Why Your BI Data Model Will Fail an AI Agent

When I took ownership of the real-time data layer for our LLM-powered agent, my team's first instinct was to reuse our existing embedded BI models. I understood the impulse: we'd just finished migrating them to ClickHouse. They were battle-tested. But they were also the wrong foundation.

The problem

For years, customers who needed complex filtering (show me all records whose history includes X, who also have these custom properties) hit a wall in the product UI. The embedded analytics feature could handle those queries, but on a three-to-four-hour delay. When you're talking to an AI agent, you expect live data. Neither system could deliver what we felt was needed.

Why some BI models don't work for agents

Our BI data model is optimized for predefined query patterns. We knew what dashboards exist and what questions customers were asking the most. We designed the BI model to present results in a flat pattern to meet the dominant customer demand for wide reporting table type dashboards.

An agent data model has to support whatever question a customer decides to ask. And working with an AI agent has the advantage of being able to run a sequence of queries to return smaller sectioned results which could then be collected for further processing by the agent to meet the customer question. We could still control some patterns to ensure joins were optimized for ClickHouse's structure and measures had consistent definitions. But we didn't need to have big wide models and complex transformations ahead of time.

The part that gets missed is the semantic layer. A dashboard has labels and tooltips. A human analyst has institutional knowledge. An LLM agent has neither. It needs explicit context for every table and every field: what it means, how it relates to other data, when to use it and when not to. Years of data model tables with minimal documentation meant I needed to build that better context. Without it, the agent can access data but won't consistently understand it.

What I built

I designed the architecture around ClickHouse focusing on as minimal transformation as possible. That meant avoiding heavy CTEs or window functions as much as possible, reasoning that anything that needed a window function the agent may be able to handle instead in post processing on the results after the ClickHouse query. The streaming layer uses ClickPipes. These detect new and updated records and append them in sub-second time. Downstream, I used ReplacingMergeTree tables for incremental updates: when a record changes, it comes in as an insert, and ClickHouse deduplicates in the background. This gave us near real-time data without the cost of rebuilding tables from scratch on every change.

The modeling layer is defined using dbt. The semantic layer uses Cube. I built the full context layer: field descriptions, table relationships, and usage guidance, so the agent could make sense of what was available and what it was querying.

The result: billions of rows queryable in sub-second, end-to-end response time of a couple of seconds, and support for the complex filtering patterns our product platform couldn't handle.

What broke after shipping

About a month in, I found something unexpected. The downstream ReplacingMergeTree tables needed account IDs for row-level access control, but not all source tables had account ID directly on them.
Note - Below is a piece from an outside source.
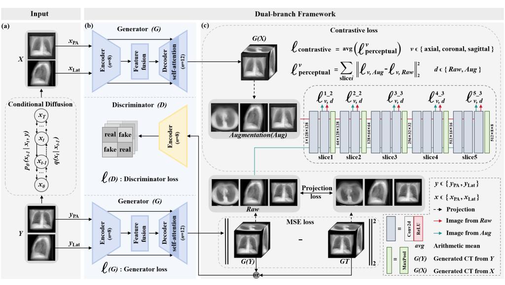 該研究聚焦于從X射線圖像到CT圖像的重建,針對因輸入信息維度受限和輸入樣本不足而導(dǎo)致結(jié)構(gòu)與紋理重建困難的問題,提出了一種基于條件擴(kuò)散模型與對比學(xué)習(xí)的重建方案。該方案利用條件擴(kuò)散模型對X射線圖像進(jìn)行骨骼抑制用于數(shù)據(jù)增強(qiáng),有效緩解了二維輸入信息不足的問題。同時,基于對比學(xué)習(xí)的雙端網(wǎng)絡(luò)聯(lián)合構(gòu)建了對比損失、投影損失以及GAN的對抗性損失并在一個端到端的統(tǒng)一框架中進(jìn)行高效學(xué)習(xí),顯著提升了重建CT的結(jié)構(gòu)和紋理質(zhì)量。大量實(shí)驗(yàn)結(jié)果驗(yàn)證了該方案的優(yōu)越性,所生成CT圖像在PSNR、SSIM等關(guān)鍵指標(biāo)上均達(dá)到SOTA水平,并呈現(xiàn)出較強(qiáng)的臨床應(yīng)用潛力。

I was doing joins to get them and those joins, running simultaneously with upstream ClickPipe inserts, were causing significant memory costs that surfaced on the ClickPipe operation rather than where I expected. I audited every expensive join, optimized what I could, and flagged the rest for source table backfills. ClickHouse rewards correct configuration and punishes incorrect configuration fast.

The outcome nobody planned for

Once the real-time data layer existed, product teams realized they had access to complex data capabilities that had not been easily available in the product before. Not just for the agent, but potentially across the platform. They'd been limited by what the system could support. Now they had instantaneous access to join patterns and filtering that had previously only existed in our analytics layer, on a multi-hour delay.

The data model I built as agent infrastructure has been integrated with platform agent infrastructure to provide even better operational capabilities for the AI agent. That wasn't the original requirement, but it's probably the most valuable outcome of the whole project.